Hinckley Greyhound Stadium
- Location: Nutts Lane, Hinckley, southwest Leicestershire
- Coordinates: 52°31′54″N 1°23′59″W﻿ / ﻿52.53167°N 1.39972°W
- Opened: 1936
- Closed: 2006

= Hinckley Greyhound Stadium =

Greyhound racing venue in Hinckley, England

Hinckley Greyhound Stadium was a greyhound racing stadium on Nutts Lane in Hinckley, south-west Leicestershire.

==Origins==
A man called Joe Grant started the Hinckley Greyhound and Whippet Racing Association in 1936 and a track was constructed in Nutts Lane directly on the north side of the London, Midland and Scottish Railway South Leicestershire branch.

==Opening==
The track opened in 1936 and the racing was independent (not affiliated to the sports governing body the National Greyhound Racing Club).

==History==
During the 1930s and 1940s the stadium ran mixed meetings where the greyhound races were supplemented by whippet racing. Joe Grant purchased an extra one and a half acres in 1947 and the track was extended. A McWhiter hare system was installed and the track established itself as one of the leading flapping tracks in the country. Flapping was the nickname given to independent tracks.

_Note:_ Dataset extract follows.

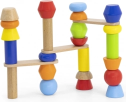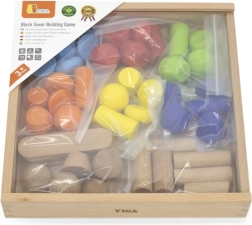 Træ geometriske byggesæt fra mærket VIGA kombinerer traditionelle former med moderne farver, der hjælper børn med at opdage nye udfordringer. Barnet lærer at genkende forskellige størrelser, former, og farver, hvilket stimulerer deres kreativitet og logiske tænkning.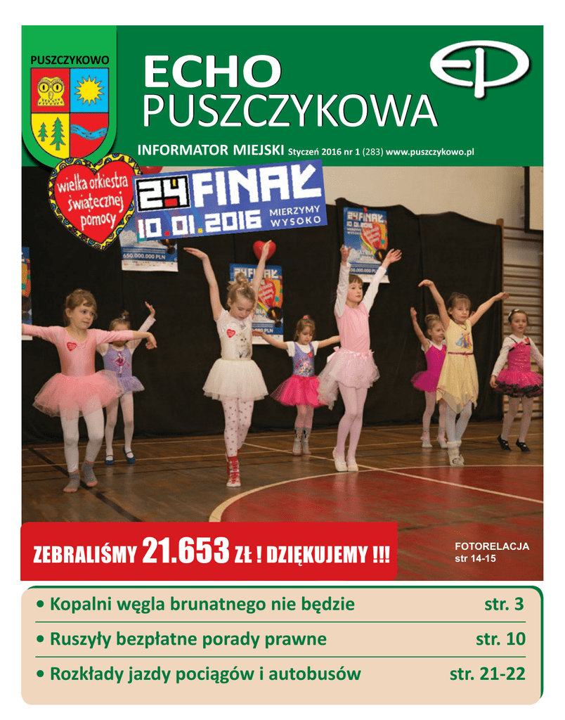 PUSZCZYKOWO ECHO PUSZCZYKOWA INFORMATOR MIEJSKI Styczeń 2016 nr 1 (283) www.puszczykowo.pl ZEBRALIŚMY 21.653 ZŁ ! DZIĘKUJEMY !!! • Kopalni węgla brunatnego nie będzie • Ruszyły bezpłatne porady prawne • Rozkłady jazdy pociągów i autobusów FOTORELACJA str 14-15 str. 3 str. 10 str. 21-22 INFORMACJE KOPALNI WĘGLA BRUNATNEGO NIE BĘDZIE W idmo uruchomienia kopalni odkrywkowej węgla brunatnego w tzw. Rowie Poznańskim, na terenie którego leżą m.in. Górne Puszczykowo, Mosina, Czempiń, Krzywiń, Gostyń, a także Wielkopolski Park Narodowy oraz ujęcia wody dla aglomeracji poznańskiej spędzało sen z powiek tysiącom mieszkańców. Zamieszanie zaczęło się po opublikowaniu - w listopadzie 2015 r. - przez Ministerstwo Środowiska „Białej Księgi Ochrony Złóż Kopalin”. W dokumencie znalazł się m.in. wykaz strategicznych pokładów węgla brunatnego w kraju. Zgodnie z zapisami, tereny z węglowymi pokładami miały zostać objęte ochroną. Gdyby zapisy weszły w życie oznaczałoby to m.in. ograniczenia w budownictwie i inwestycjach, a w przyszłości również uproszczoną procedurę wywłaszczeniową. Publikacja „Białej Księgi” była tym większym szokiem, że pomysł budowy kopalni upadł już w latach 70. Na szczęście jeszcze przed ubiegłorocznymi świętami Bożego Narodzenia rząd wycofał się z planów. Gigantyczna kopalnia odkrywkowa To, co zagrażało, nie tylko naszemu miastu, to pokłady węgla brunatnego ciągnące się od Puszczykowa przez Mosinę, po Gostyń, czyli tzw. Rów Poznański o długości ok. 50-kilometrów. W 1979 roku przygotowano opracowanie ilustrujące przyszłą kopalnię. Wykopy miały rozpocząć się w okolicy Czempinia, który miał zniknąć z mapy Polski. Inwestycja wchodziłaby na teren Mosiny i Puszczykowa oraz przechodziłaby przez Wielkopolski Park Narodowy. Jakby tego było mało, kopalnia z wykopami sięgającymi ok. 250 m w głąb ziemi stworzyłaby olbrzymi lej depresyjny, do którego spłynęłaby woda pitna z ujęcia dla całej poznańskiej aglomeracji. A to właśnie ze złóż w Mosinie, pochodzi ok. 70 proc. życiodajnego płynu, który dociera dziś do naszych domów. Podczas debaty, która na przełomie listopada i grudnia przetoczyła się przez lokalne media, geolog prof. Jan Przybyłek ostrzegał, że kopalnia mogłaby „wysuszyć” studnie nawet w promieniu 40 km od niej i zaburzyć gospodarkę wodną w okolicy. Na koniec, o czym „Biała księga” milczała, uruchomienie kopalni węgla brunatnego oznaczałoby także powstawanie elektrowni podobnych do tych w Bełchatowie. Oprócz katastrofy ekologicznej kopalnia oznaczałaby także gigantyczne straty samorządów leżących na terenach objętych tą inwestycją - gminy zostałyby zmuszone do wypłat horrendalnych odszkodowań, wynikających z konieczności wprowadzenia zmian do planów zagospodarowania przestrzennego. Tereny inwestycyjne zamieniłyby się przecież w nieużytki, co jest równoznaczne ze stratą dla ich właścicieli. Wspólny protest Niemal natychmiast po publikacji „Białej księgi” (do 15 grudnia 2015 r.) mieszkańcy wysłali do Ministerstwa Środowiska tysiące maili z kategorycznym sprzeciwem przeciwko zapisom „Białej Księgi”. List z protestem wysłał także burmistrz Andrzej Balcerek. Napisał w nim m.in.: że planowana ochrona złoża węgla brunatnego położonego w Wielkopolsce w obrębie ww. gmin jednoznacznie negatywnie wpłynie na jakość życia na obszarze środkowej Wielkopolski. Sprzeciw wyrazili także radni z Puszczykowa, którzy przygotowali specjalny apel. Protestowali także radni z Mosiny, Prewww.puszczykowo.pl zydent Poznania oraz Aquanet. Przedstawiciele samorządu Puszczykowa uczestniczyli także w wielu spotkaniach poświęconych temu problemowi oraz wyrażali swój sprzeciw w wypowiedziach udzielanych mediom. Główny geolog uspokaja Dopiero 16 grudnia 2015 r. na stronie Ministerstwa Środowiska pojawiła się informacja, że „Biała Księga Ochrony Złóż Kopalin”, była w zamierzeniach poprzedniego rządu, wykazem strategicznej bazy geologiczno-surowcowej, a Główny Geolog Kraju prof. Orion Jędrysek stwierdził w Sejmie, że prace nad tym dokumentem nie będą kontynuowane (potwierdził to 15 stycznia br. w oficjalnym komunikacie o zakończeniu konsultacji opublikowanym na stronie Ministerstwa Środowiska). – Ten dokument nie ma wartości merytorycznej i jest wadliwy metodycznie. Jest szkodliwy dla planowania przestrzennego i nieuzasadnionych zmian wartości nieruchomości. W wykazie są niemal tylko złoża udokumentowane kilkadziesiąt lat temu. Skutek – wielu cennych kopalin nie zauważono i nawet ich wycena nie jest możliwa. Wykaz złóż zaliczonych do strategicznych został sporządzony na podstawie analizy 249 udokumentowanych, ale jeszcze niezagospodarowanych złóż. Podział na kategorie jest niezrozumiały, niepoparty rzetelną analizą wartości ekonomicznej, geopolitycznej i tym podobnych kryteriów – wyjaśniał w Sejmie O. Jędrysek. Z wyjaśnień wynika, że już 25 listopada 2015 r. (zaraz po objęciu funkcji sekretarza stanu, Głównego Geologa Kraju) O. Jędrysek wycofał dokument z konsultacji międzyresortowych – nie przerwał jednak konsultacji społecznych, gdyż były już one w toku, a ponadto chciał dać możliwość wypowiedzenia się wszystkim zainteresowanym stronom. Z przesłanej korespondencji (do Ministerstwa wpłynęło ok. 8000 pism, w tym pokaźna grupa z Puszczykowa) wynika jednak, że zdecydowana większość uwag wobec „Białej Księgi” jest krytyczna. Red Andrzej Balcerek Burmistrz Puszczykowa Dziękuję wszystkim mieszkańcom Puszczykowa, którzy aktywnie włączyli się w akcję protestacyjną przeciwko zapisom „Białej Księgi”. Z wielką ulgą przyjąłem zapewnienia głównego geologa kraju prof. O. Jędryska o odstąpieniu rządu od tego projektu i mam nadzieję, że to naprawdę zamknięta sprawa – chociaż do Pu

By 1960s the McWhirter hare system was replaced by the 'Inside Sumner' on a track measuring a 400-yard circumference with race distances over 300, 500, 710 and 900 yards. Racing was held on Wednesday and Saturday evening at 7.30pm.

In 1972 Tom Grant took over from Joe after his death in 1972. During the 1980s and 1990s the track had a covered stand, car parking for 200 vehicles and a computerised totalisator. The stadium also held a Sunday market.

==Closure==
The council granted Crest Nicholson planning permission in 2006 for 84 homes. The stadium was demolished making way for housing called Greyhound Croft.